First we solve it with an RDD ((Resilient Distributed Dataset).    


In [4]:
# Create the RDD containing the data
dataRDD = sc.parallelize([("Brooke", 20), ("Denny", 31),
                          ("Jules", 30), ("TD", 35), ("Brooke", 25)])


In [5]:
# Calculate the average age per name
agesRDD = (dataRDD
          .map(lambda x: (x[0], (x[1],1)))
          .reduceByKey(lambda x, y: (x[0] + y[0], x[1] + y[1]))
          .map(lambda x: (x[0], x[1][0] / x[1][1])))


In [11]:
# Show results
print (agesRDD.take(4))

[('Brooke', 22.5), ('Denny', 31.0), ('TD', 35.0), ('Jules', 30.0)]


Now we solve the same task with Sparks high-level Domain Specific Languages (DSL - Python in our case).
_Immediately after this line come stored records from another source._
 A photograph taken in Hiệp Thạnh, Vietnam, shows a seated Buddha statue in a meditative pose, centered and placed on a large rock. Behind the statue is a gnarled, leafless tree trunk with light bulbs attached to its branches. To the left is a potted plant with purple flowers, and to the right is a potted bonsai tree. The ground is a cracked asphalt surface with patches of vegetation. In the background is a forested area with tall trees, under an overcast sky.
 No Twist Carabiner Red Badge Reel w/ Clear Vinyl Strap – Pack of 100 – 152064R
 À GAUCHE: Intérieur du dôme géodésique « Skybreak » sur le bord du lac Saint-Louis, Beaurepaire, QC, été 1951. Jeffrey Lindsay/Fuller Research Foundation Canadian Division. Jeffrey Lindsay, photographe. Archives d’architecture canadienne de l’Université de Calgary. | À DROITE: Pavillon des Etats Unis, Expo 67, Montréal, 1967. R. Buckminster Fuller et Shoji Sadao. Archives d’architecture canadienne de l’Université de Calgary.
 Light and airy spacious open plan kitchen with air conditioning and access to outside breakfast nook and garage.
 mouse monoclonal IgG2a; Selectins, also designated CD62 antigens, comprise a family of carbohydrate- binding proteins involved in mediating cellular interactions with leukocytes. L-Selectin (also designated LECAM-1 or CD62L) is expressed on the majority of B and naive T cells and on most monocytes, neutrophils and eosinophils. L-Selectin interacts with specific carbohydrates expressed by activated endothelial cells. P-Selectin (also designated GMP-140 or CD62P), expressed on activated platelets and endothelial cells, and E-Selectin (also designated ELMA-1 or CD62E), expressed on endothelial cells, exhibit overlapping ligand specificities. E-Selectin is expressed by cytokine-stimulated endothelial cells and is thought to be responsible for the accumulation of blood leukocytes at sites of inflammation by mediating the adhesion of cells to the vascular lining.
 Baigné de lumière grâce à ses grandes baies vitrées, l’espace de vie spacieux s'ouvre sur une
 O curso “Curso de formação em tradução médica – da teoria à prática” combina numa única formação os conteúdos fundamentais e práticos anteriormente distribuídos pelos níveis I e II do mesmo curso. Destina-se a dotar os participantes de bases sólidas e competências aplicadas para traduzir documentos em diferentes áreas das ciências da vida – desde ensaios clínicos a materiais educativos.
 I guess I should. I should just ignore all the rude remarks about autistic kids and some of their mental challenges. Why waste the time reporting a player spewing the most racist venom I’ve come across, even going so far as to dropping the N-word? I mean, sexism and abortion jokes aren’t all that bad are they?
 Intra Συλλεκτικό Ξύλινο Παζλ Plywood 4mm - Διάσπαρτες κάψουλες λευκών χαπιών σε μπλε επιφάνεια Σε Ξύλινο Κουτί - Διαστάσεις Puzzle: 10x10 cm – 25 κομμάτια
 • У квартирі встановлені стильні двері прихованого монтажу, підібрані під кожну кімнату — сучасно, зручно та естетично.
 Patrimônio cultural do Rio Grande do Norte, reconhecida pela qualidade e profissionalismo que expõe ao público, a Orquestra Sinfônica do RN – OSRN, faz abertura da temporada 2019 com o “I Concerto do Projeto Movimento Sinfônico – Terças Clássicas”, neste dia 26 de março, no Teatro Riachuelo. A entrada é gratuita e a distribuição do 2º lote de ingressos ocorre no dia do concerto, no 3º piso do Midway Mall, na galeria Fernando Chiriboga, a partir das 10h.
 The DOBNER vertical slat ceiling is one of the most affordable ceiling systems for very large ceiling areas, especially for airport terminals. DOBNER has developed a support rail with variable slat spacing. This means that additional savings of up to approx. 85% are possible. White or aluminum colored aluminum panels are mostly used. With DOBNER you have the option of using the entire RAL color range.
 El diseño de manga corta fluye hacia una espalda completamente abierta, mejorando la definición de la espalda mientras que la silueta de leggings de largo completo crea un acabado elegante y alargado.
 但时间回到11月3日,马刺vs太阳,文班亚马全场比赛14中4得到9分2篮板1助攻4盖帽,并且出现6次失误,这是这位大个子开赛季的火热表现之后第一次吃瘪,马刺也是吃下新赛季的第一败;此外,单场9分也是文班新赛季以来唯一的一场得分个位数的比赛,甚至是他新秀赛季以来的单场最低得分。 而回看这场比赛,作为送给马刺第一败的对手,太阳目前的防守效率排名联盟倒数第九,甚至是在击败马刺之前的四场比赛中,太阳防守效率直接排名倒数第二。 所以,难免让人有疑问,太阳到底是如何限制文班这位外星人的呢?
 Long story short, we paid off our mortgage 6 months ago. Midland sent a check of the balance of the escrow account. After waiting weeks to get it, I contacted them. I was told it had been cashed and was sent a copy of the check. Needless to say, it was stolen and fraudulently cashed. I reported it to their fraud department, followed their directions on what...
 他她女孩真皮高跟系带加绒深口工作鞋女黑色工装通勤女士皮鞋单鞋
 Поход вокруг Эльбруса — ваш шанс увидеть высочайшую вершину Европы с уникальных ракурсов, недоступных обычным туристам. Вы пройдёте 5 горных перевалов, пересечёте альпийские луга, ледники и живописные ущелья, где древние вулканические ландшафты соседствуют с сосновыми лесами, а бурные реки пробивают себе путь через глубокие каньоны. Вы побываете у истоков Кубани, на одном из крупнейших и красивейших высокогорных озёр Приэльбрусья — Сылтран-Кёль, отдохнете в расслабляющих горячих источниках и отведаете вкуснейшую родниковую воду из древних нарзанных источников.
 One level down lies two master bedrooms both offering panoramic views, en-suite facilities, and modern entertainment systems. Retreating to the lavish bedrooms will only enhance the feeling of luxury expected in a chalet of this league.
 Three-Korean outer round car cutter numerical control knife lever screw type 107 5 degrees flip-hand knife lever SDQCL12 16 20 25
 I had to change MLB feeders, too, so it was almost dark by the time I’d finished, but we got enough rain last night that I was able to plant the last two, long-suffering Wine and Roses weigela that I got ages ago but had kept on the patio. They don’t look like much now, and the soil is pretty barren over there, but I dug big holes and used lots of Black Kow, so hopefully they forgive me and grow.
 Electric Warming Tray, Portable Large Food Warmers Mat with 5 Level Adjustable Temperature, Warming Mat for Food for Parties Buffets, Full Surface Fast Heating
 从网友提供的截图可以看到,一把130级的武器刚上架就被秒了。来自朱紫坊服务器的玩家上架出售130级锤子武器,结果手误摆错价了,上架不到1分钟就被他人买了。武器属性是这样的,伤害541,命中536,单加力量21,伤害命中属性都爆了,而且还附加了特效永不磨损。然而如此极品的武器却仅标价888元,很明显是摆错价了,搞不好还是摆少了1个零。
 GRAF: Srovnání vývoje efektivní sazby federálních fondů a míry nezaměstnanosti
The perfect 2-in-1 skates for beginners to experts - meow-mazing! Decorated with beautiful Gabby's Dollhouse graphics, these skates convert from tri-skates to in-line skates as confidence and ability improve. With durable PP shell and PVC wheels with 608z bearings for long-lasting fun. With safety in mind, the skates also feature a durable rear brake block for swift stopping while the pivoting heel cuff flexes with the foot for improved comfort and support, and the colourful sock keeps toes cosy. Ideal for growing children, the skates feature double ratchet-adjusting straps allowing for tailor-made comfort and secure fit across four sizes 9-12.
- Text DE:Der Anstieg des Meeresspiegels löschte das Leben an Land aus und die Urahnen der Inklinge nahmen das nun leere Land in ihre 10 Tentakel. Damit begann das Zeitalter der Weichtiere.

We are using Sparks DataFrame API to tell Spark *what to do* instead of *how to do it* as in the previous code with RDDs.

In [14]:
# Create a DataFrame
data_df = spark.createDataFrame([("Brooke", 20), ("Denny", 31),
                          ("Jules", 30), ("TD", 35), ("Brooke", 25)], ["name", "age"])


In [15]:
# Group by names, aggregate their ages and average the age
avg_df = data_df.groupBy("name").agg(avg("age"))

In [16]:
# Show the results
avg_df.show()

+------+--------+
|  name|avg(age)|
+------+--------+
|Brooke|    22.5|
| Denny|    31.0|
| Jules|    30.0|
|    TD|    35.0|
+------+--------+



In [None]:
# Define the schema
# define schema for our data
""""
schema = (StructType([
   StructField("Id", IntegerType(), False),
   StructField("First", StringType(), False),
   StructField("Last", StringType(), False),
   StructField("Url", StringType(), False),
   StructField("Published", StringType(), False),
   StructField("Hits", IntegerType(), False),
   StructField("Campaigns", ArrayType(StringType()), False)]))
   """

ddl_schema = "`Id` INT,`First` STRING,`Last` STRING,`Url` STRING,`Published` STRING,`Hits` INT,`Campaigns` ARRAY<STRING>"


In [None]:
# create our data
data = [[1, "Jules", "Damji", "https://tinyurl.1", "1/4/2016", 4535, ["twitter", "LinkedIn"]],
       [2, "Brooke","Wenig","https://tinyurl.2", "5/5/2018", 8908, ["twitter", "LinkedIn"]],
       [3, "Denny", "Lee", "https://tinyurl.3","6/7/2019",7659, ["web", "twitter", "FB", "LinkedIn"]],
       [4, "Tathagata", "Das","https://tinyurl.4", "5/12/2018", 10568, ["twitter", "FB"]],
       [5, "Matei","Zaharia", "https://tinyurl.5", "5/14/2014", 40578, ["web", "twitter", "FB", "LinkedIn"]],
       [6, "Reynold", "Xin", "https://tinyurl.6", "3/2/2015", 25568, ["twitter", "LinkedIn"]]
      ]


In [None]:
# create a DataFrame using the schema defined above
blogs_df = spark.createDataFrame(data, ddl_schema)
# show the DataFrame; it should reflect our table above
blogs_df.show()

In [None]:
# create a DataFrame using the schema defined above
blogs_df = spark.createDataFrame(data, ddl_schema)


In [None]:
# print the schema used by Spark to process the DataFrame
print(blogs_df.printSchema())


In [None]:
blogs_df.createOrReplaceTempView("blogs")

In [None]:
blogs_df.select(expr("Hits") * 2).show(2)

In [None]:
blogs_df.select(expr("Hits") + expr("Id")).show(truncate=False)

In [None]:
blogs_df.withColumn("Big Hitters", (expr("Hits") > 10000)).show()

In [None]:
blogs_df.withColumn("AuthorsId", (concat(expr("First"), expr("Last"), expr("Id")))).select(expr("AuthorsId")).show(n=4)


# Page 53: Read the data from a json file

In [None]:
jsonFile = "blogs.json"

blogs2_df =  spark.read.schema(ddl_schema).json(jsonFile)


In [None]:
blogs2_df.show(2)


In [None]:
blogs2_df.printSchema()

# Chapter 3: Columns, Rows and Expressions
March 22 2022

In [None]:
from pyspark.sql import Row

blog_row = Row(6, "Reynold", "Xin", "https://tinyurl.6", 255568, "3/2/2015", ["twitter", "LinkedIn"])


In [None]:
#access individual items of the row unsing the index:
blog_row[1]

## Create DataFrames out of rows

In [None]:
rows = [Row("Matai Zaharia", "CA"), Row("Reynold Xin", "MA")]
authors_df = spark.createDataFrame (rows, ["Authors", "State"])
authors_df.show()


In [None]:
import pyspark.sql.functions

In [None]:
# Show all columns in a list
blogs2_df.columns

In [None]:
blogs2_df["Id"]

In [None]:
# Use an expression to compute a value:
# blogs2_df.col("Hits") * 2 - FALSCH
blogs2_df.select(expr("Hits") * 2).show(2)